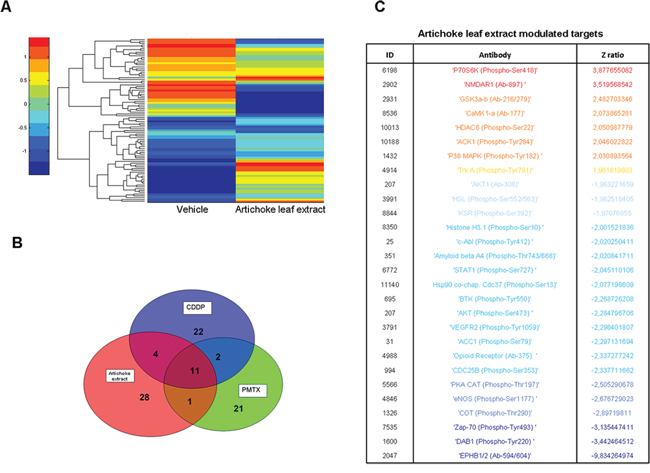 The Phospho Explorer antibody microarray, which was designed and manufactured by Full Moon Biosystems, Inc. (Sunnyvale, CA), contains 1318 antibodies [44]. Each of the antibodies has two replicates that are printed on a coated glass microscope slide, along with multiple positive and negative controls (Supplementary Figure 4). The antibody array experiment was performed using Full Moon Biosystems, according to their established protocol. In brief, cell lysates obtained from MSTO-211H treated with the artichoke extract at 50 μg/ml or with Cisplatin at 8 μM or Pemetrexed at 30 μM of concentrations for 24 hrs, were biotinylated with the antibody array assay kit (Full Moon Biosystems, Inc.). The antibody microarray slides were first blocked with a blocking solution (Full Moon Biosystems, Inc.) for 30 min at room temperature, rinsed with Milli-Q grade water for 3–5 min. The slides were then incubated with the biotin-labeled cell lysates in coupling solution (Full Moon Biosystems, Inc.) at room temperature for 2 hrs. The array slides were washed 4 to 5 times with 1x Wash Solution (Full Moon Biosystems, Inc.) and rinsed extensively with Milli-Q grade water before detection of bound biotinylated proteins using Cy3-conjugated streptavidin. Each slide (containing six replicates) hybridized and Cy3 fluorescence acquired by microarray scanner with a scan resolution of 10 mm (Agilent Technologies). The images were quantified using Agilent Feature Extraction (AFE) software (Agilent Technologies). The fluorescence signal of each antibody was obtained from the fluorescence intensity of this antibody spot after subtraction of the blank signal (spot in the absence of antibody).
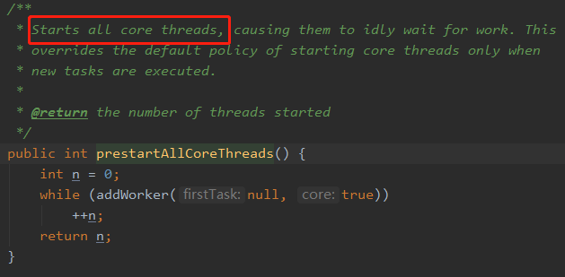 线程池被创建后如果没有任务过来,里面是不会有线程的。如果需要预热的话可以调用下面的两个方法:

----

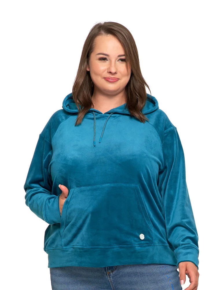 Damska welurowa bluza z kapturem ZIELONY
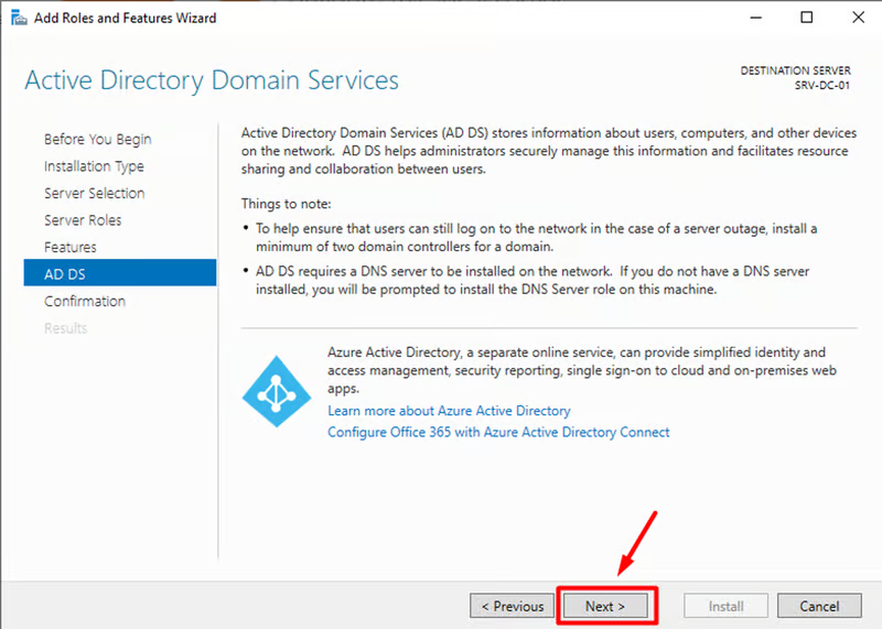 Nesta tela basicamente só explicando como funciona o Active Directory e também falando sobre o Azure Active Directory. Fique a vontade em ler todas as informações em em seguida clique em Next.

----

TO DO:
Print exactly the lines above that run from the one with "The Phospho Explorer" to the one with "线程池被创建后如果没有任务过", both included. No pictures.

SOLVED PROBLEM:
 The Phospho Explorer antibody microarray, which was designed and manufactured by Full Moon Biosystems, Inc. (Sunnyvale, CA), contains 1318 antibodies [44]. Each of the antibodies has two replicates that are printed on a coated glass microscope slide, along with multiple positive and negative controls (Supplementary Figure 4). The antibody array experiment was performed using Full Moon Biosystems, according to their established protocol. In brief, cell lysates obtained from MSTO-211H treated with the artichoke extract at 50 μg/ml or with Cisplatin at 8 μM or Pemetrexed at 30 μM of concentrations for 24 hrs, were biotinylated with the antibody array assay kit (Full Moon Biosystems, Inc.). The antibody microarray slides were first blocked with a blocking solution (Full Moon Biosystems, Inc.) for 30 min at room temperature, rinsed with Milli-Q grade water for 3–5 min. The slides were then incubated with the biotin-labeled cell lysates in coupling solution (Full Moon Biosystems, Inc.) at room temperature for 2 hrs. The array slides were washed 4 to 5 times with 1x Wash Solution (Full Moon Biosystems, Inc.) and rinsed extensively with Milli-Q grade water before detection of bound biotinylated proteins using Cy3-conjugated streptavidin. Each slide (containing six replicates) hybridized and Cy3 fluorescence acquired by microarray scanner with a scan resolution of 10 mm (Agilent Technologies). The images were quantified using Agilent Feature Extraction (AFE) software (Agilent Technologies). The fluorescence signal of each antibody was obtained from the fluorescence intensity of this antibody spot after subtraction of the blank signal (spot in the absence of antibody).
 线程池被创建后如果没有任务过来,里面是不会有线程的。如果需要预热的话可以调用下面的两个方法:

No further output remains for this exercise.